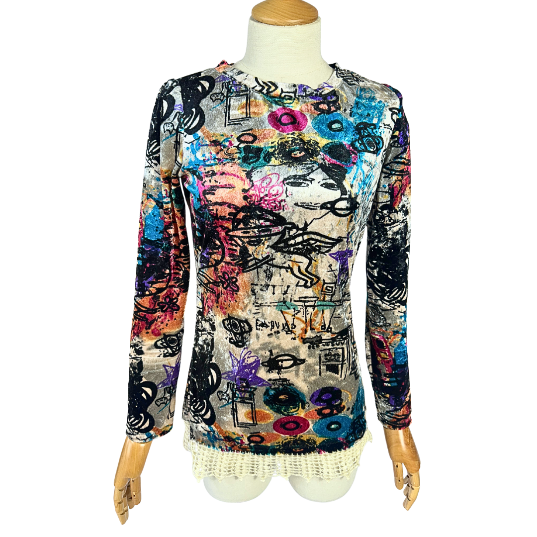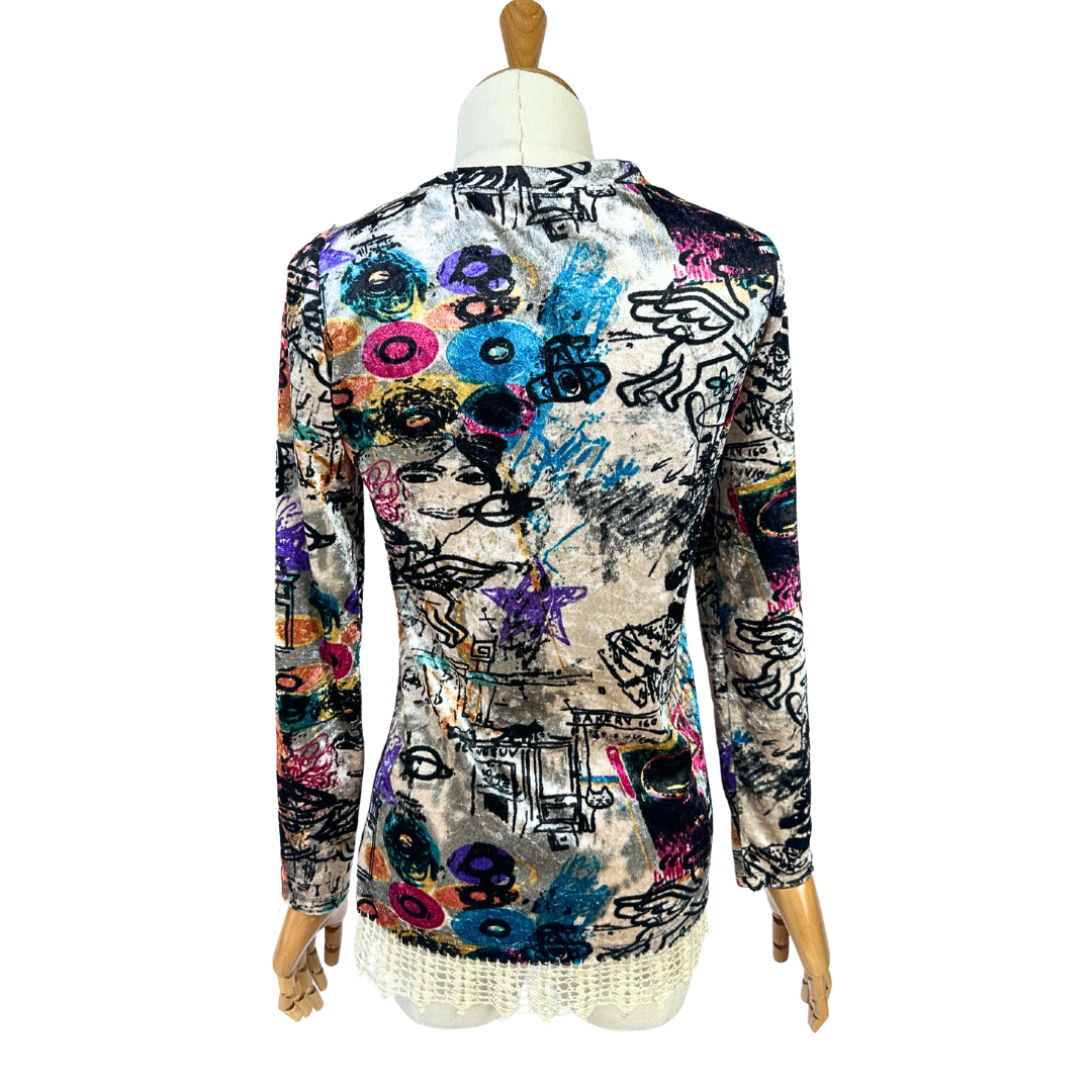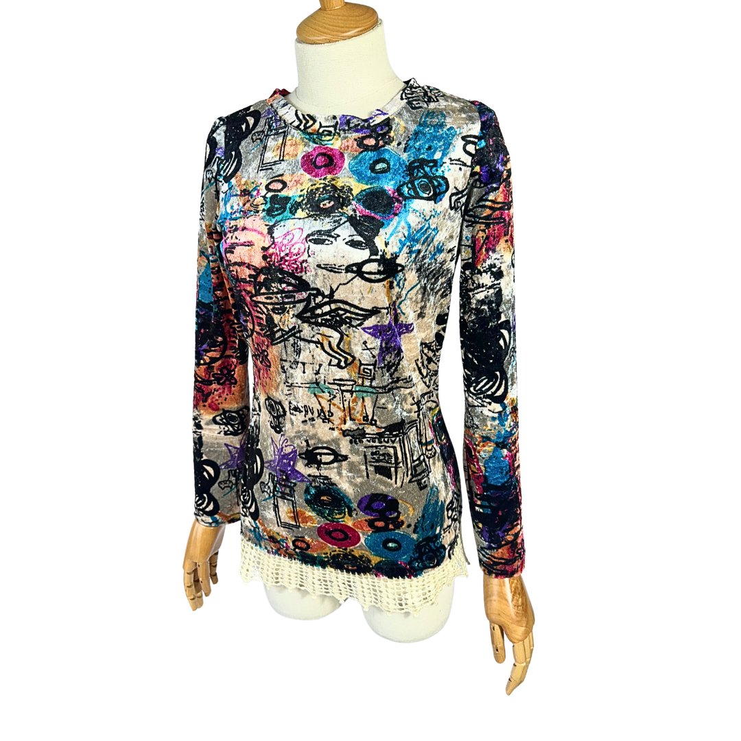 Grey, pink, blue, black, and purple 90s grunge graffiti velour longsleeve top with crochet hem.
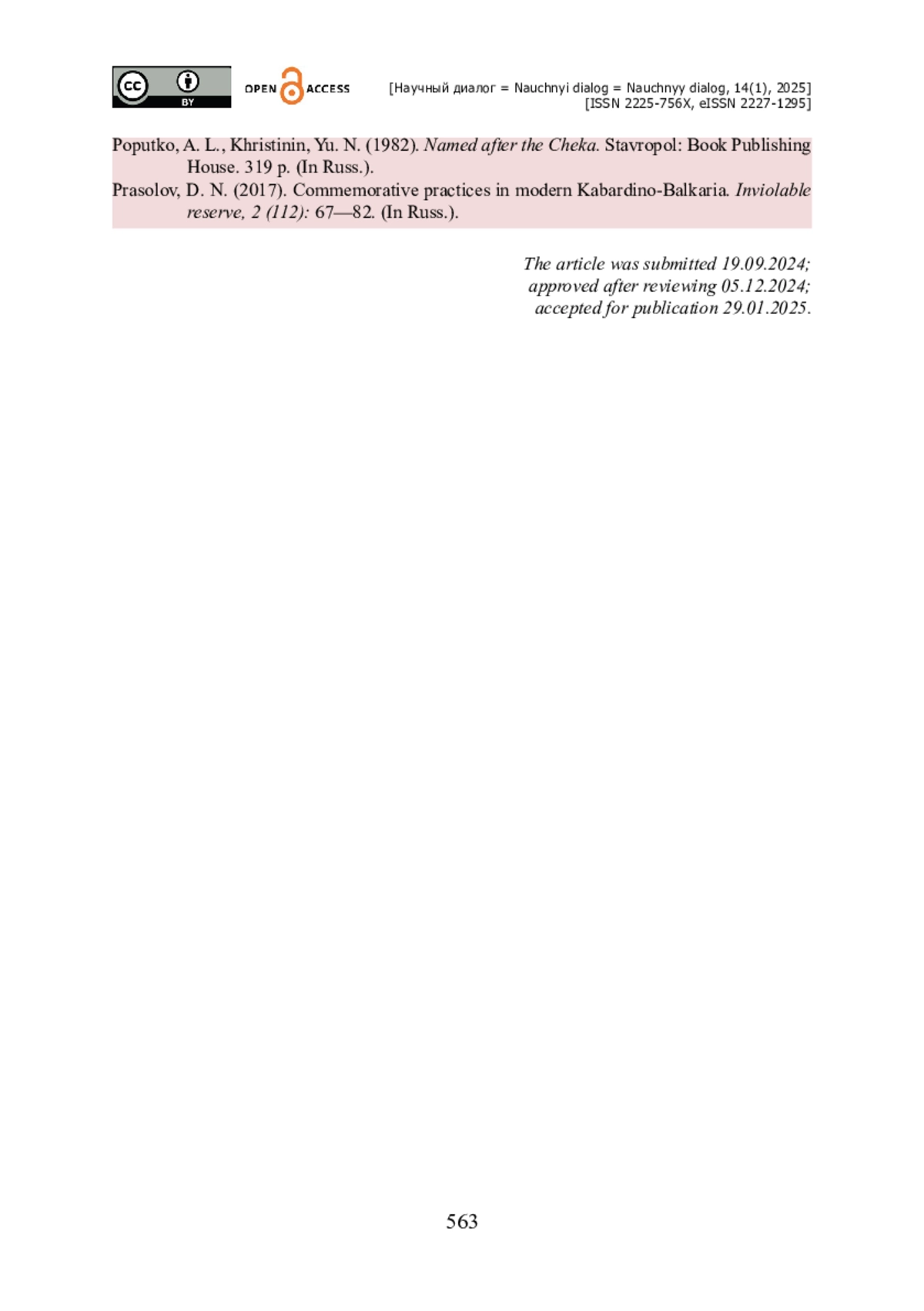 14. Прасолов Д. Н. Коммеморативные практики в современной Кабардино-Балкарии / Д. Н. Прасолов // Неприкосновенный запас. - 2017. - № 2 (112). - С. 67-82.
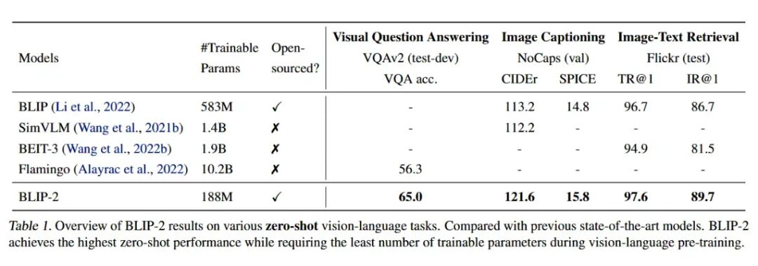 BLIP-2 的创新相较于其他工作具有以下优势:
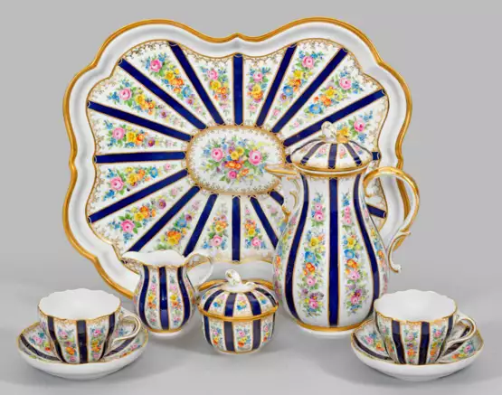 6-tlg.; Kaffeekanne, Sahnegießer, Zuckerdose, 2 Kaffeetassen mit Untertassen und großes Tablett. Von blauen Bändern gesäumte, farbenprächtige Blumengebinde in feiner polychromer Malerei mit Goldstaffage. Partiell ber.; Gold minim. erg.; Schwertermarke. Kannen-H. 25 cm. Tablett 40 cm x 33 cm.
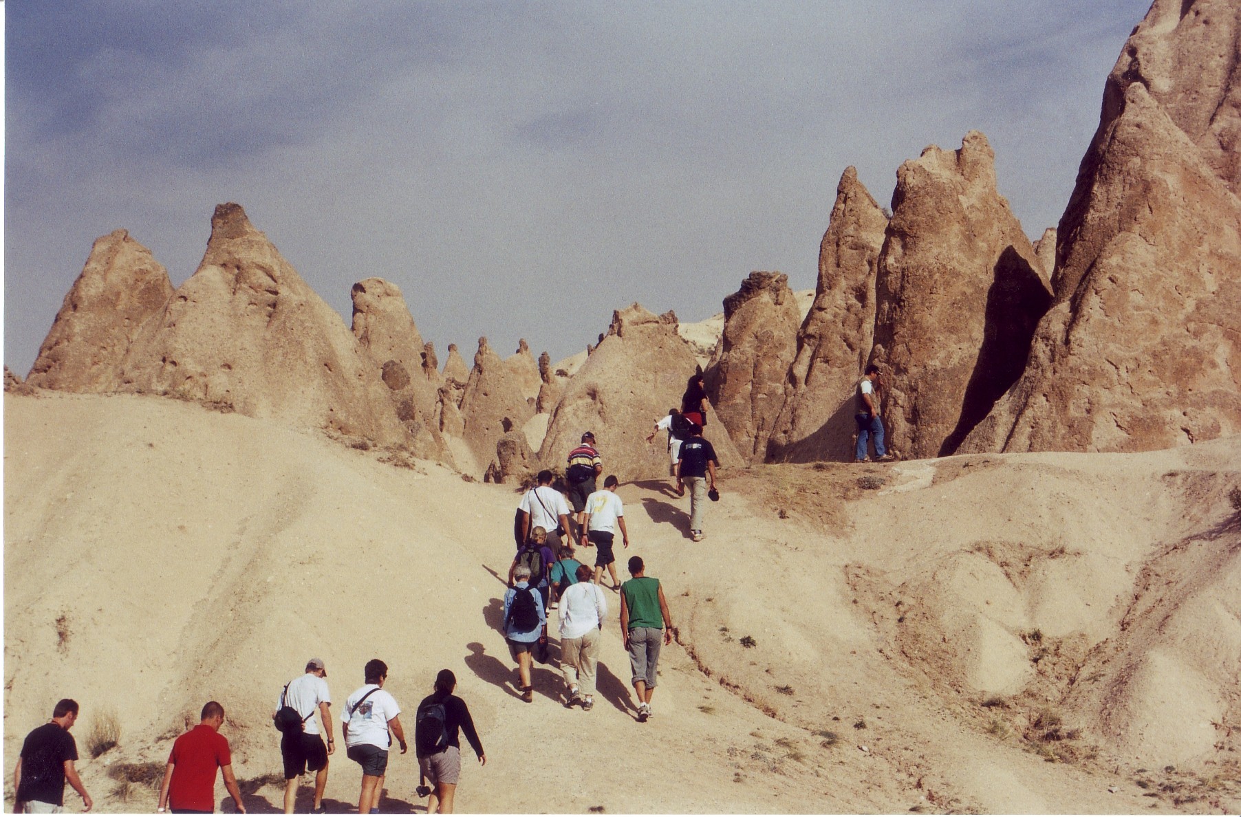 Hiking up to the hollow “rocks” known as the Fairy Chimneys. Cappadocia, Turkey
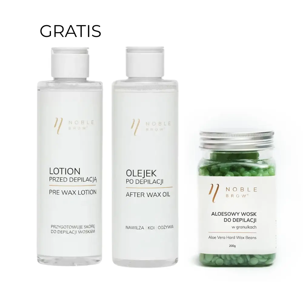 Цей набір — це комплексний догляд за шкірою до і після воскової депіляції — ідеальний для щоденного домашнього використання, а також для професійного застосування в салонах краси. Поєднання натуральних властивостей алое з ефективними засобами догляду робить депіляцію простішою, швидшою та комфортнішою, навіть для чутливої шкіри.
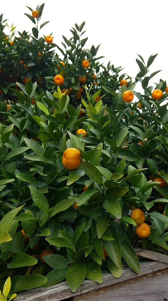 先日の積雪の中 橙色に色づいてきた実と 深い緑の葉で
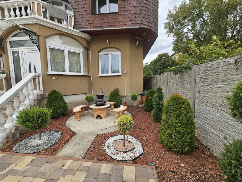 Kert és külső rész: Az ingatlan egyik legnagyobb vonzereje a parkosított, gondozott kis kert, amely valódi kikapcsolódást nyújt:
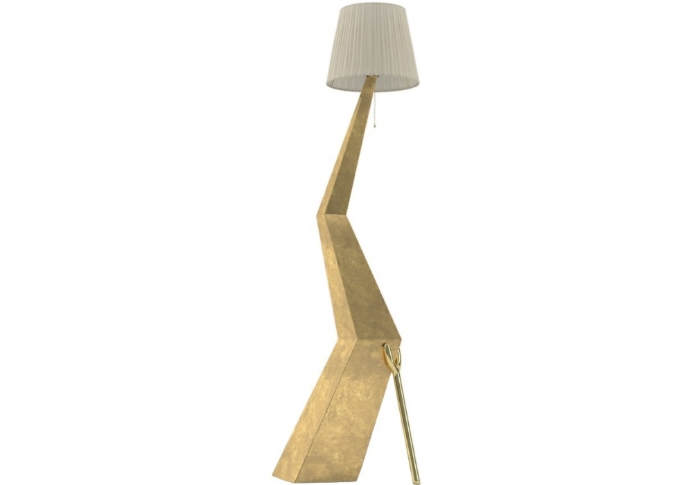 Bracelli, von Salvador Dalí für BD Barcelona Design entworfen, ist eine Stehlampe mit einer Holzbrettstruktur, die mit einer feinen Vergoldung bedeckt ist, die auch in einer dunkleren Version erhältlich ist. Der Lampenschirm ist mit elfenbeinfarbenem Baumwoll- und Viskosestoff bezogen.
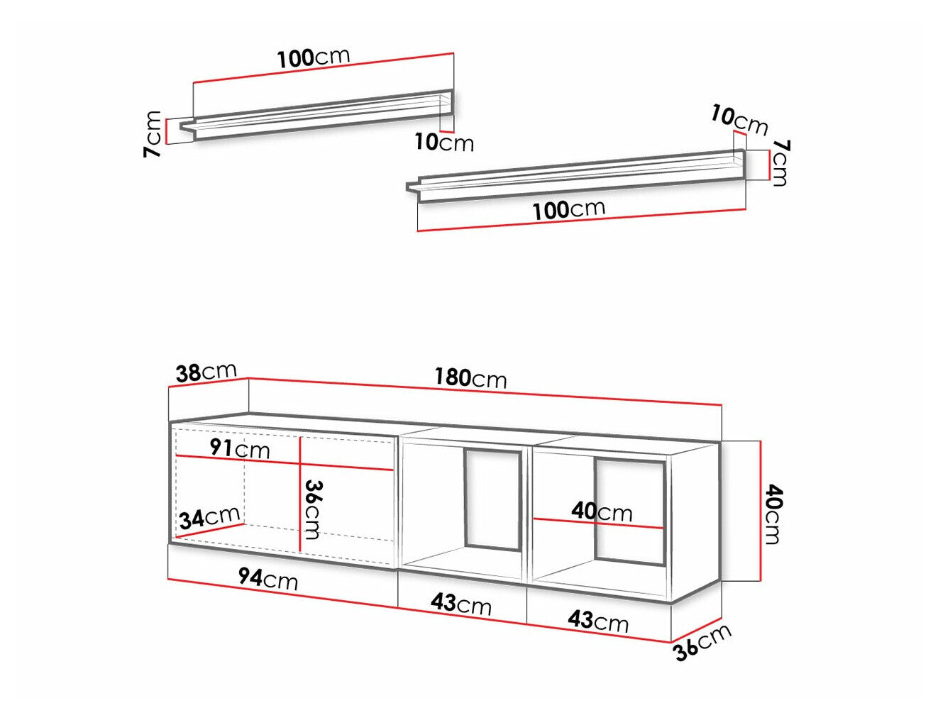 TV galda izmēri40 x 180 x 38 cm
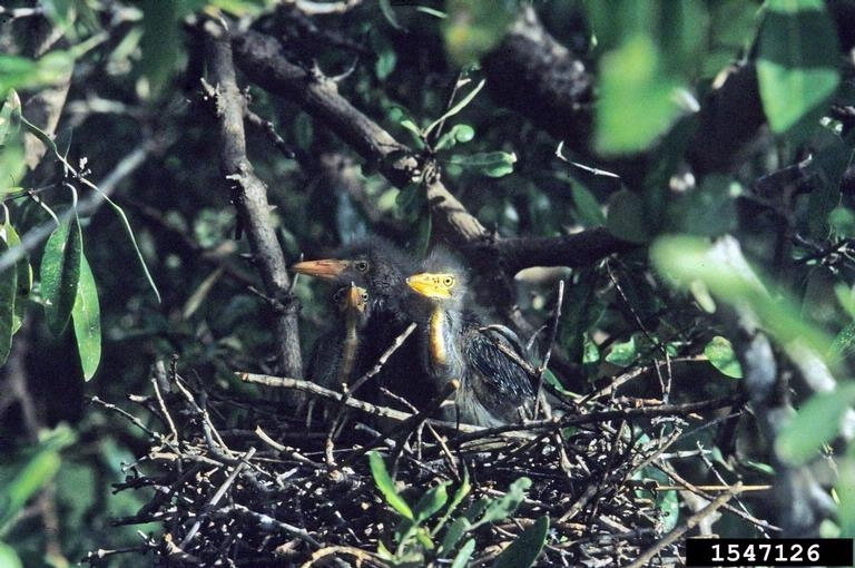 Life Cycle The female green heron lays three to six eggs in a nest made of sticks. Both the female and male make the nest. The male gathers the materials and the female constructs the nest.
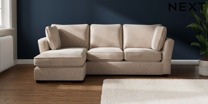 7.2.10 Heath Highback Medium Sofa Chaise - Left Hand Cotswold Chenille Light Natural Block - Dark | Made Click here to use our website with more accessibility support, for example screen readers
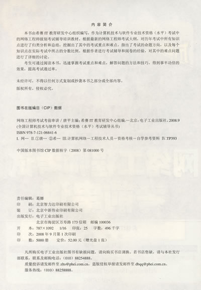 权威,购买本书,请放心使用——希赛是中国领先的互联网技术和IT教育公司,在互联网服务、图书出版、人才培养方面,希赛始终保持IT业界的领先地位。希赛IT教育研发中心是希赛公司属下的一个专门从事IT教育、教育产品开发、教育书籍编写的部门,在IT教育方面具有极高的权威性。希赛IT教育研发中心的远程教育模式得到了教育部门的认可和推广,特别是在系统分析、需求分析、架构设计和项目管理的人才培养方面,有口皆碑。同时,在高端课程方面,希赛IT教育研发中心开设的课程有软件工程系列、项目管理系列、企业管理系列,,以及网络安全系列课程。
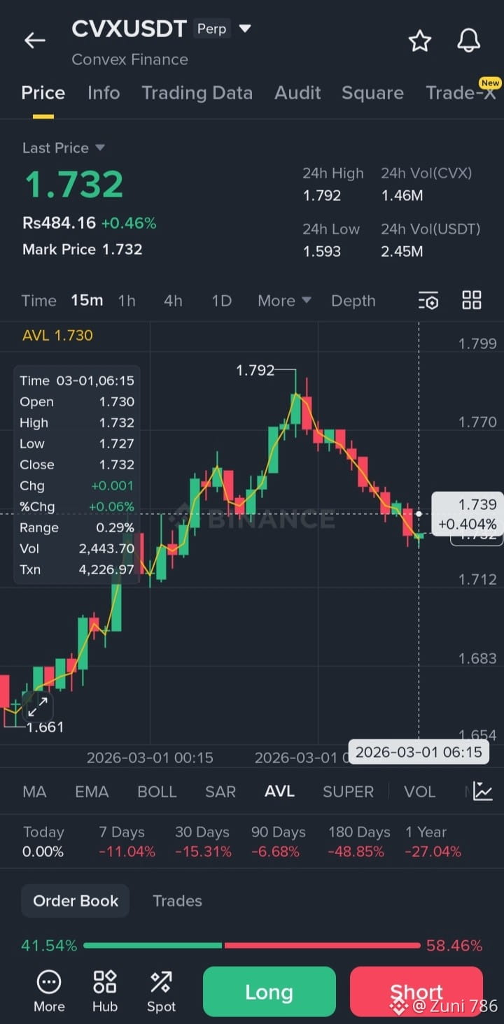 The chart shows Convex Finance ($CVX ) finding local support after a recent pullback from the 24h high of 1.792. We are seeing a slight consolidation near the 1.730 level. If the price holds above the current support, we could see a bounce back toward the recent peak.
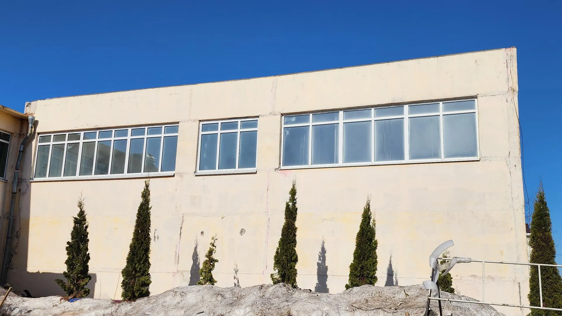 Параллельно ведется подготовка кровли: выполнен демонтаж, в спортзале уложена пароизоляция, идет утепление. Подрядчик обещает полностью закрыть тепловой контур здания к концу апреля. Это позволит приступить к внутренней отделке стен и потолков, а также к прокладке инженерных сетей.
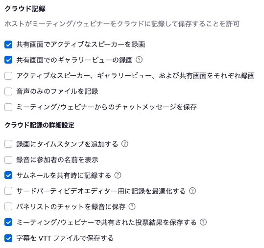 スピーカービューの録画にはクラウド録画を行う必要があり、Zoomの有料プランの契約が必要です。 ※契約するのは2,000円/月の一番下のプロプランで可能です。またプロプランで録画できる容量は1GBまでです。(超過しても2022年2月6日現在録画は停止しません) ※なおクラウド録画には、スピーカービューもギャラリービューも録画することができます。 ZoomのWebサイトにて、クラウド録画について、多数の設定項目があります。 ※チャットや字幕は、録画画面には表示されず、別ファイルとして保存されるので要注意です。ZOOM 録画機能の設定画面
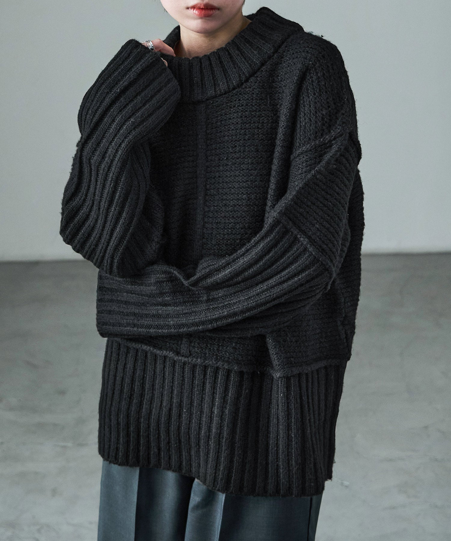 Zname オーバーサイズ アウトシームニットプルオーバー

==============================

EXERCISE REQUIREMENTS:
Beginning with the line that has "7.2.10 Heath Highback", repeat each remaining line of the data above word for word, keeping pictures out.

OUTPUT OF THE EXERCISE:
 7.2.10 Heath Highback Medium Sofa Chaise - Left Hand Cotswold Chenille Light Natural Block - Dark | Made Click here to use our website with more accessibility support, for example screen readers
 权威,购买本书,请放心使用——希赛是中国领先的互联网技术和IT教育公司,在互联网服务、图书出版、人才培养方面,希赛始终保持IT业界的领先地位。希赛IT教育研发中心是希赛公司属下的一个专门从事IT教育、教育产品开发、教育书籍编写的部门,在IT教育方面具有极高的权威性。希赛IT教育研发中心的远程教育模式得到了教育部门的认可和推广,特别是在系统分析、需求分析、架构设计和项目管理的人才培养方面,有口皆碑。同时,在高端课程方面,希赛IT教育研发中心开设的课程有软件工程系列、项目管理系列、企业管理系列,,以及网络安全系列课程。
 The chart shows Convex Finance ($CVX ) finding local support after a recent pullback from the 24h high of 1.792. We are seeing a slight consolidation near the 1.730 level. If the price holds above the current support, we could see a bounce back toward the recent peak.
 Параллельно ведется подготовка кровли: выполнен демонтаж, в спортзале уложена пароизоляция, идет утепление. Подрядчик обещает полностью закрыть тепловой контур здания к концу апреля. Это позволит приступить к внутренней отделке стен и потолков, а также к прокладке инженерных сетей.
 スピーカービューの録画にはクラウド録画を行う必要があり、Zoomの有料プランの契約が必要です。 ※契約するのは2,000円/月の一番下のプロプランで可能です。またプロプランで録画できる容量は1GBまでです。(超過しても2022年2月6日現在録画は停止しません) ※なおクラウド録画には、スピーカービューもギャラリービューも録画することができます。 ZoomのWebサイトにて、クラウド録画について、多数の設定項目があります。 ※チャットや字幕は、録画画面には表示されず、別ファイルとして保存されるので要注意です。ZOOM 録画機能の設定画面
 Zname オーバーサイズ アウトシームニットプルオーバー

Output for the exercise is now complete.